End of chat

Uw inktslaaf komt even terug op het slot van de serie Bouwstenen. Begin jaren tachtig ging hij met een two-tone bandje mee naar Japan. Hij was namelijk een van de weinige mensen die zowel met de toetsenist als met de gitarist overweg kon. Bij een optreden was al een keer een Fender stukgeslagen op een keyboard.

In Osaka kwam het publiek bij het tweede nummer massaal uit de stoelen. De tolk vertelde later dat er een wet was die dansen in concertzalen verbood. Uit angst voor hoge boetes had de zaaleigenaar de politie gebeld. Een heel peloton ordehandhavers – met bandana op het hoofd met daarop de Japanse vlag, type kamikazepiloot – maakte met getrokken sabel een einde aan het optreden. De bandleden en hun entourage werden naar het hotel gebracht. Huisarrest met (beperkte) roomservice.

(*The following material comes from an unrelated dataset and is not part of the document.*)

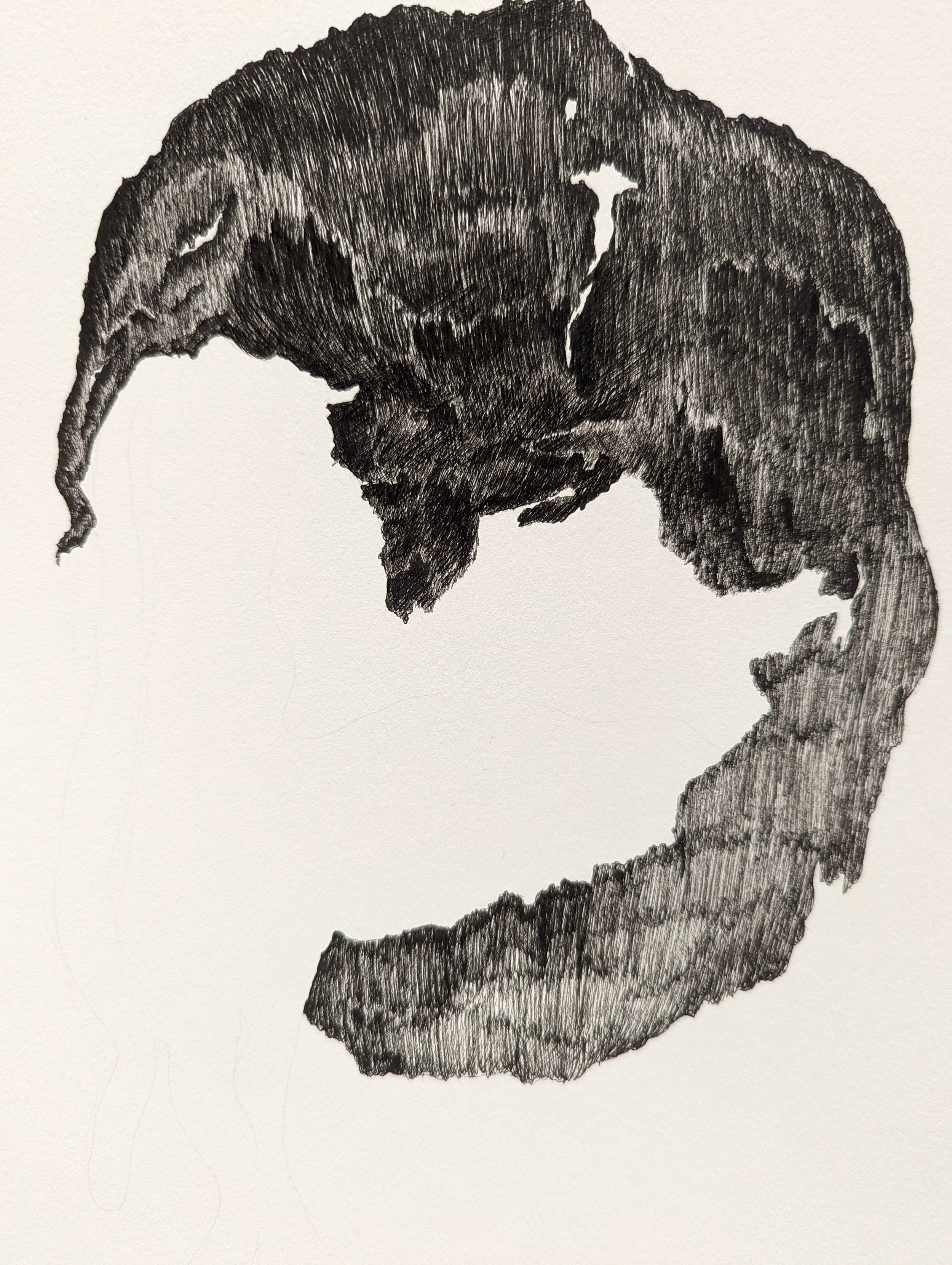 I took the general outline of a bird’s body and filled it in as I pleased. Ignoring anatomy and accuracy, removing the animal’s identity as a commentary on our apathy to the death of the creatures that exist within this environment with us.

De tolk bracht op dag nummer twee voor alle ‘gearresteerden’ een voor die dagen hypermodern speeltje mee: een V8 recorder. Met de dikste batterij kon je drie uur lang onderweg tv kijken of V8 bandjes draaien. Zeer genereus, naar het leek. Toen na een paar dagen de vuige westerlingen naar het vliegveld werden getransporteerd – de andere gigs waren van overheidswege geannuleerd – bleek het de dag te zijn waarop het vuilnis werd opgehaald. Er stonden massa’s gloednieuwe tv’s, stereotorens en andere elektronica langs de kant van de weg. ‘De ontwikkelingen gaan zo snel,’ zei de tolk, ‘dat de apparatuur van een paar maanden geleden niets meer waard is.’

guus bauer V8

Het vliegtuig maakte een tussenstop in Amsterdam en uw inktslaaf besloot om zijn geboortestad even aan te doen. Juist in die dagen had zijn voormalige compagnon in het duikbootdebacle hulp nodig bij het maken van een boek van een kunstenaar. Bovendien was er een woning in de Pijp leeggekomen, eigendom van een Duitse tandarts. ‘Gewoon kraken,’ zei de sinoloog, ‘en dan een huur voorstellen aan de Zahnarzt.’

Twee weken later deed uw inktslaaf de beletage over aan de hoofdredacteur van een tijdschrift. Nooit heeft hij in dat blad iets kunnen publiceren. Op de eerste verdieping van het pand waren Hells Angels ingetrokken. Nachtelijke zuippartijen, ruzies, bierflessen die tegen de muur werden stukgegooid. Voordat de hoofdredacteur iets nieuws had gevonden, sliep hij vrijwel elke nacht op zolder.

Het publiceren van de dichtbundel met kunstzinnig verschoven foto’s smaakte naar meer. Uw trotse uitgevertje belde aan bij Simon Vinkenoog. ‘Ik wil een boek van u uitgeven.’ Tegelijkertijd benaderde hij Gerrit Komrij met een vastomlijnd idee (en een grote coupure in zijn achterzak). ‘Ik doe het, omdat je met een duidelijk voorstel komt.’

Het schrijven van het voorwoord liet alsnog anderhalf jaar op zich wachten. Toen verscheen De muze in het kolenhok. Ja, ja, alles viel samen. Vanaf toen was het de inktslaaf duidelijk. Hij zou met het uitgeven van Bekende Auteurs de publicatie van nieuwe talenten financieren. De Performing Poets zouden een platform krijgen.